Что-то мне все это надоело, ушел я к Гиндину в железнодорожную газету "Звезда", тоже замом, в генеральском чине, не шухры-мухры: две звезды, кокарда на фуражке, хромовые сапоги, со снабжением из распределителя. Везде карточки, а тут, такая мать, распределитель.
Моего напарника по нашему рейду по вымирающим станицам к этому времени осудили по статье "Хищение государственной собственности": не хотел губить людей, "хладнокровно" относился к тому, что крестьяне подворовывали пшеницу с полей.
Недалек был и мой черед, да кто ж это ведал. в тридцать четвертом году почетным рейсом возили делегацию на 17 й съезд. Ездил и я с правом совещательного голоса. То да се, Сталин по первому голосованию не прошел. Уговорили переголосовать.
Почти все участники съезда, ну это-то вы знаете, погибли. Не надо было два раза голосовать.
3
В тридцать шестом в декабре пересажали в Ростове-на-Дону весь партийный актив. в том числе и меня. в любой камере - пленум обкома. в любой камере глубочайшее убеждение, что это местная грубая ошибка.
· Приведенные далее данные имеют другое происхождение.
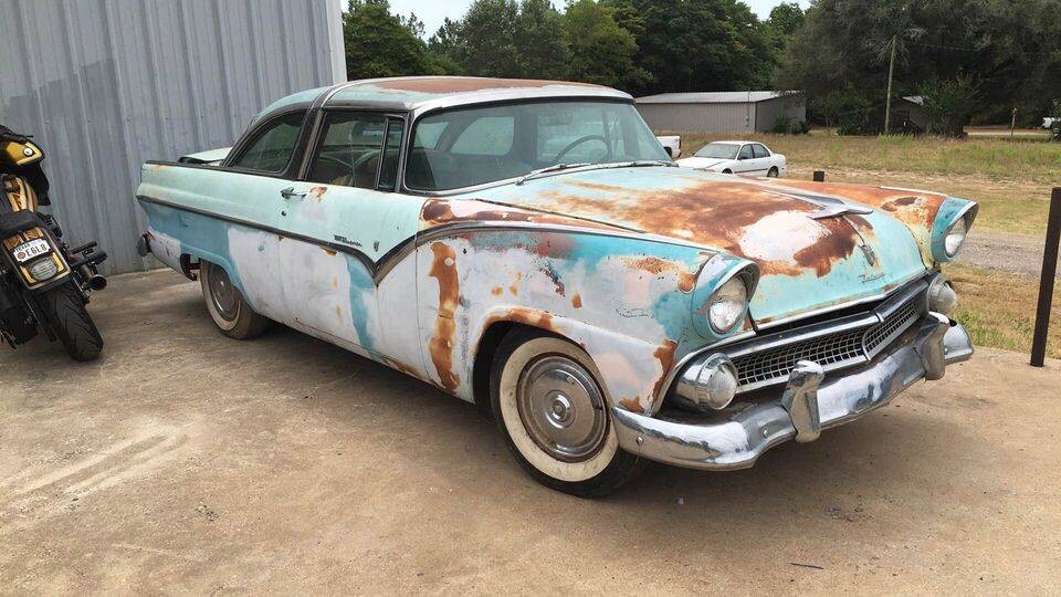 Like some of GM’s products, the 1955 Fords featured panoramic windshields, a new trend for the latter 1950s. With this setup, the A-pillars have a vertical angle which offers the driver greater visibility. From what we can see the glass is all good or at least not cracked. Once restored, this Ford would be a car less often seen than its contemporaries from Chevrolet which have a greater following with collectors.
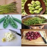 חולטים את הירקות הירוקים, מלבד אפונה השלג, במים רותחים במשך 3-4 דקות. מוסיפים את האפונה ואחרי שתי דקות מסננים.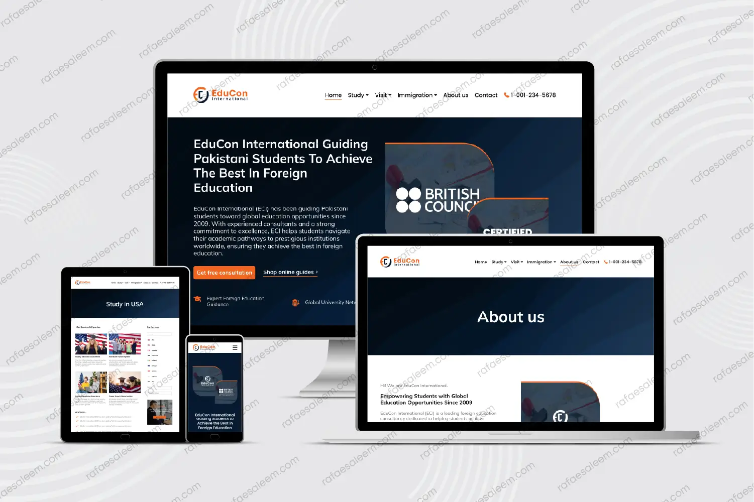 EduCon International is a foreign education and student visa consultancy developed for the Pakistan market. It helps students plan and prepare for studying abroad by providing trustworthy guidance, support, and detailed information about educational opportunities in multiple countries. The platform presents EduCon as a credible partner for students aiming to pursue higher education internationally.

Или того хуже - провокация и предательство. Сталин ничего не знает, любыми путями сообщить ему. Опять перегибы, опять сволочи. Груды заявлений, и все такое прочее.
Ночами - прожектор перед глазами, привязан, чтобы не уклонялся, бьют - если закрываешь глаза, опустил веки - резиновой палкой.
Глубочайшее мое убеждение - это все-таки отобранные люди. Наркоманы. и по глазам, и по поведению судя - под наркозом. Те, кто вел допросы, непосредственно этим не занимались. Комнаты же, где вынуждают, - отдельные. Первое время очень били.
Верили ли? Вере - Лили, каламбур называется. Верили ли они сами, что мы враги? Сначала - да, верили. Кроме явных сволочей.
А мы, мы сами? Ну, был какой-то момент, когда примерещилось: а может, я чего-то во всем этом не понимаю? Кестлер в "Зиянии высот", - нет, это у Зиновьева "Зияние высот", - удивительно точное кстати название. Почему? Да ведь высоты же есть и в зияющем, кричащем отсутствии, и чем больше отсутствие их кричит, чем больше зияет... Да. у Кестлера это "Слепящая мгла", герой его, якобы Бухарин, да может быть, Бухарин он и есть, думает, что лучше признать себя врагом, чем разуверить людей в социализме. а может, он думал, что и в самом деле что-то не так сделал, не ко времени, тактически и стратегически неверно. Может, ему даже и подсказали насчет стратегического плана с "врагами народа". Бывает такое помешательство, когда действительность ошеломительна и верить ей невозможно, и тогда: а что, как я и в самом деле враг, не важно, в чем меня обвиняют. Но это в лихорадочном перебирании. в явленности же дня и действительности - нет: ни в то, что я враг, ни в то, что в камере вокруг меня враги, не верил. Зная Северо-Кавказскую организацию - кому же и знать! - я видел, что партия за решеткой.
Надо сказать, что в то время, а я с сотоварищи попал в самое начало больших репрессий, мы и говорить-то друг с другом почти не опасались - нам, преданным революции, нечего было скрывать. Шепотом, с глазу на глаз, было только одно: "Сталин не знает - Сталин должен узнать". Такая вот вера была, черт подери. Мнение, что Сталин обманут, было в те дни повальным.
Потом уже и следователи в наше предательство не очень-то верили.
Ночной допрос. Коридор, часовые, десяток кабинетов. Стоны, крики. "Сознавайся! Сознавайся, сволочь, так тебя и разэтак". Час, два ночи. и следователь запарился, и ты. Мы вдвоем. "Ну, - скажет, - расскажи, как ты на остров Врангеля ходил". Да, и это было в той моей, полной, жизни: снимали Георгия Ушакова со льдины. Все, все теперь уже покойники, никого не осталось. "На, кури", - скажет. Вдруг голоса, крик по коридору катится. Крикнет шепотом: "Уходи от стола". Начинает снова орать на меня. Сами боялись. Да вслед за нами и пошли.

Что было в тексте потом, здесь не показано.